Saw the sticky on the first page of this forum about returning to stock and in the process removing root. Is there a way to do that, but instead of flashing back to 4.0.2 to be able to flash AOKP or CNA so I can at least keep some of the customization options I have grown so accustomed to?


----------



## rman18 (Jan 13, 2012)

It doesn't sound like you need to remove root... sounds more like you need to stop the service thats checking for root


----------



## mazz0310 (Jul 7, 2011)

I'm pretty sure it checks for su and superuser.apk.

I am in charge of both Blackberry and Good for Enterprise where I work, and although our policy does not check for root, I'm pretty sure those are the two files it looks for. Just uninstall superuser.apk and then use root explorer to delete su.

(I think that will work)


----------



## atakin77 (Aug 19, 2011)

mazz0310 said:


> I'm pretty sure it checks for su and superuser.apk. I am in charge of both Blackberry and Good for Enterprise where I work, and although our policy does not check for root, I'm pretty sure those are the two files it looks for. Just uninstall superuser.apk and then use root explorer to delete su. (I think that will work)

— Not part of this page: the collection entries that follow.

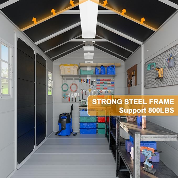 - Floor &Vents Inlcuded : The extra-wide front double doors for greater flexibility in organizing and accessing items, included shed floor,built-in ventilation prevents damp environment, enhanced safety for tools and equipment with lockable doors, Included D-Clip wall anchors to support shelves & hangers
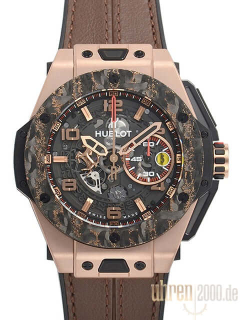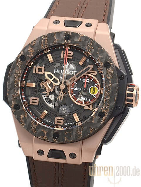 Gehäuse aus Rotgold, Gehäusedurchmesser 45 mm, Lünette aus Carbon, transparentes Zifferblatt mit arabischen Ziffern, schwarzes Kautschuk / braunes Leder mit Ziernaht und Faltschließe, Automatikwerk, Manufakturkaliber HUB1241 mit 38 Steine, Schwingung 28.800 A/h, Gangreserve für ca. 72 Stunden, Datumsanzeige, Saphirglas entspiegelt, Saphirglasboden verschraubt, Wasserdicht bis 10 bar, Limitiert auf 500 Stück.
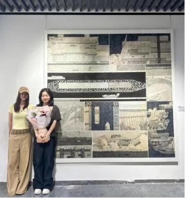 一周后,肖梦楠重返画室,投入最后的创作。罗老师把她的专业、敬业、爱心融入到对肖梦楠的创作指导中。她们反复揉纸、设色、打磨细节,常常一待就是一整天。最终,作品如期完成——画面上,工程的壮阔与温情交织,每一笔都凝聚着肖梦楠对历史的敬意与对亲人的思念。
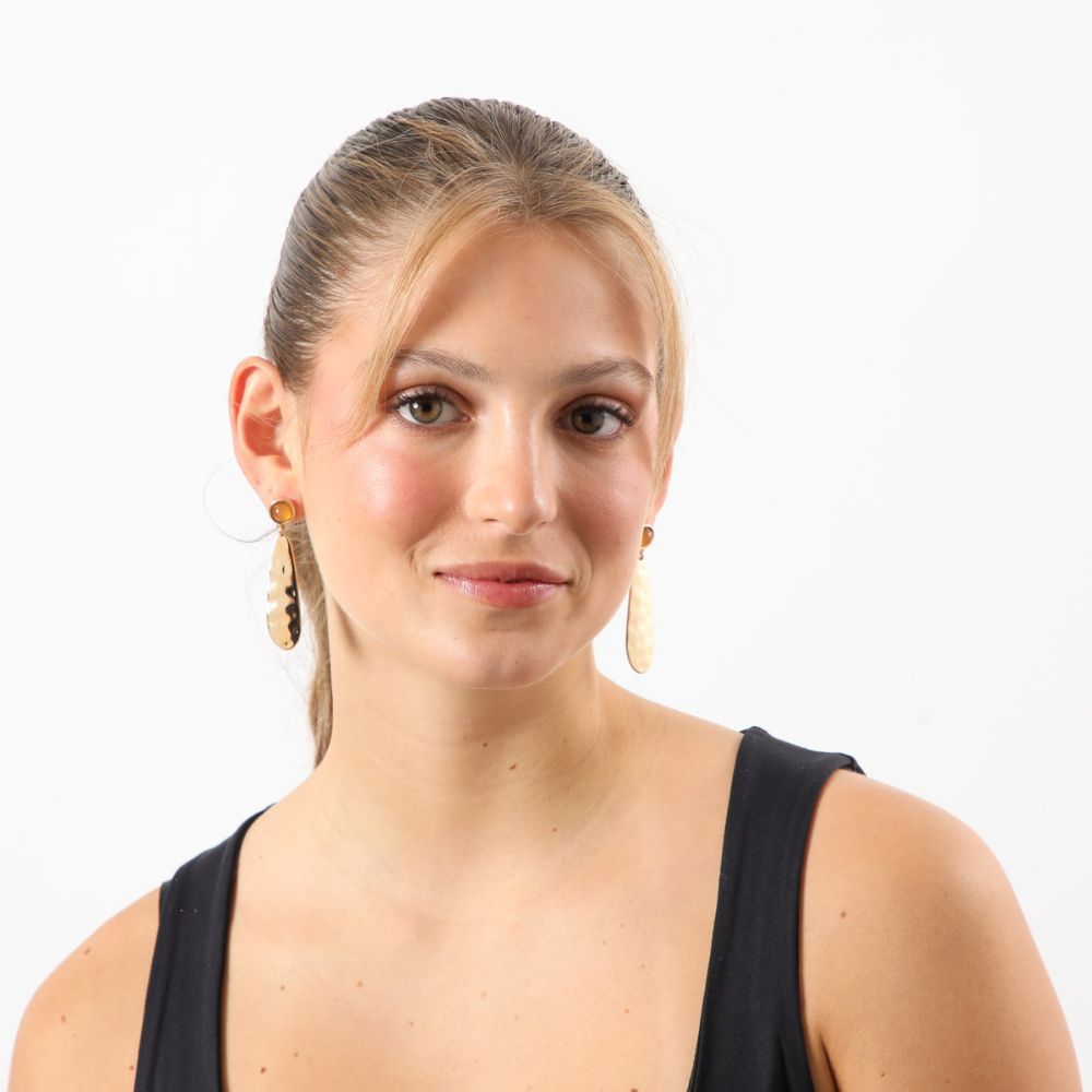 Aros largos de piedra de fantasía semitransparente naranja con placa metalica ovalada colgando.

Thanks, I will give this a whirl and let you know how it works. Waiting on a new PIN from good as my other expired due to the attempted install with root.


----------



## xRogerxC (Nov 27, 2011)

Ghub1 said:


> Doesn't voodoo ota root keeper have a temp unroot? You can use that to temp unroot it for while you are at work.
> 
> Sent from my Galaxy Nexus using Tapatalk


+1. This is perfect for what you need, and it's a free app! Great App by supercurio.

Verizon Galaxy Nexus 
AOKP Build 22, Stock kernel, 
4.0.4 Bootloader and Radios. 
Sent via Tapatalk


----------